Configuration Changes

From CitconWiki
Revision as of 12:24, 16 November 2011 by Zsoldosp (talk | contribs) (Incorporated other notes (Peter Zsoldos))
Jump to navigationJump to search

Configuration changes/Release Rolling Back vs.Rolling Forward Session

Planning release steps while maintaining invariants

  • Andy Parker's master thesis
  • https://github.com/zaphod42/Coeus
  • start from a cluster configuration
  • how do you roll out a new service while keeping things going
  • There can be no SPOF
  • Define a new language (think Prolog like) to describe rules/policies -> turn declarative policies-based language into puppet execution plan
  • match execution plans (goal based) against policies
  • provisioning large systems
  • idea: model-checking failing systems
  • applying modely-checking to sysadmin
  • real world failures are complex, how do you model them? Problem with all model checking approaches

Why does it seem to be that so few plan for reverting releases?

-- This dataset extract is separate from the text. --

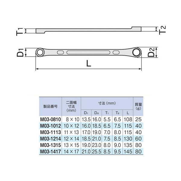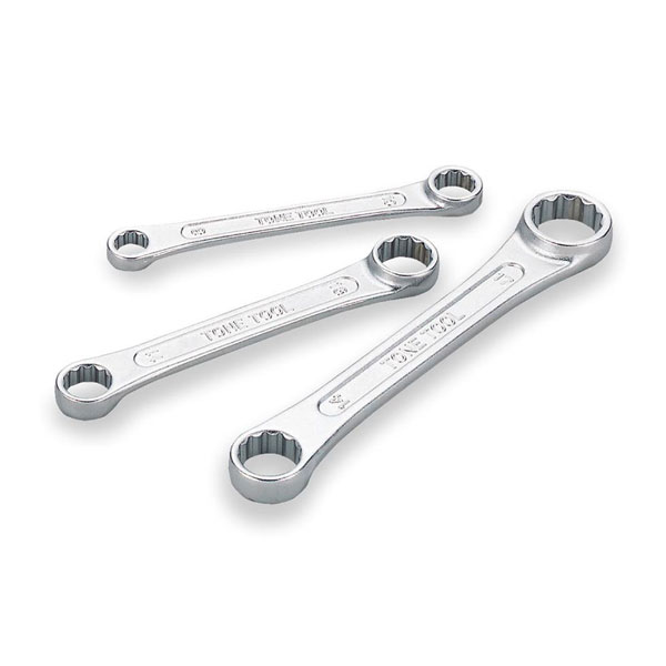 高さ制限のある狭い箇所や作業スペースが狭い箇所に最適です。めがね部は12角なので、ボルト・ナットに対し容易にはめ合わせができます。

  • discussion starting point: tools are concerned with going forward, so are teams. Usually no explicit backout plans, or if there is, rarely tested - when some of it can be automated (contrast it with the 3am call and hacking a bugfix forward)
  • problematic naming: rollback is a bad word, backout is better
  • you cannot roll-back time
  • continuous rolling forward: what happens when something goes wrong during deployment?
  • migrating databases? Whole concept of db refactoring (see Scott W. Ambler's book)
  • django south, rails migrations, etc.
  • link w/ application architecture: isolating things prevents failure propagation
  • migration use different data models
  • need a 3rd pipeline to build the data (after code, infrastructure)
  • eg. anonymizing data : cannot rollback, need to be done in production
  • once you got forward there are two many paths to go back
  • depends on your scenario? What's the difference between roll-forward/roll-back
  • fail in unexpected way (corrupting data could affect your application)
  • "stopping time" by switching systems (maintain parallel installations of systems)
  • easy to have a default rollback for mainline scenario, without losing newly gathered data (e.g.: added a new field to signup form, this needs to be backed out, we can remove field, and keep all data, even customer's that have signed up after the release)
  • what about featuretoggles? Could be used to handle suche cases.
  • basic issue w/ the idea of rolling-back: means losing data, you cannot rollback your data
  • you should implement a rollback scenario if you can (depends on the risk, costs...)
  • the effort to do it correctly is much higher than most people do
  • snapshot: need to be in a consistent state
  • no way to rollback after some time has passed (eg. deploy in weekend, failure occurs in week days)
  • if rollback is not possible, be aware of it and prepared to roll forward
  • come up with a design where you don't have to do it: lowers the risk enough...
  • clever system allow to dit by connection, by user, by feature
  • allow to tune for some users, provide some resource consuming feature to part of users, not to users
  • DI is better than feature branch for doing that
  • deploy schema changes alongside the code
  • just add to database, do not removing anything - all older versions of the app can use the new schema (consider meaningful defaults, and beware of the potential performance hit you are taking with increased record size)
  • featuretoggles used to test new database
  • deploying schemas in advance give your more confidence (but does not solve the rollback problem) - database shadowing, so it's like the additive only schema changes, just temporarily and not forever
  • running live data through a secondary installation that contains the old version
  • event sourcing provides the ability to replay stuff
  • pb: how much time does it take?
  • but the events have schemas themselves...
  • finding ways to mitigate your inability to do anything about something going wrong
  • reducing the barrier to going in production: being minutes away from delivering
  • how do we make people more aware of the problem? lot of developers have not worked on the ops part, dealing with the unexpected
  • Google engineers are on ops for a month after pushing a new release of a soft
  • product teams actually run the software (not always feasible due to regulations)
  • the whole forward/backwards discussion is not concerned with undoing multiple releases


Some scenarios given that you can't recover from in a planned way

  • the new release of the application starts to generate gibberish data. How do you downgrade to the previous version and restore old data and clean data that has been generated since?
  • does your backout script work when the release has not completed, but failed halfway through?
  • what do you do with large amounts of data (though this might already be a problem for the actual release)?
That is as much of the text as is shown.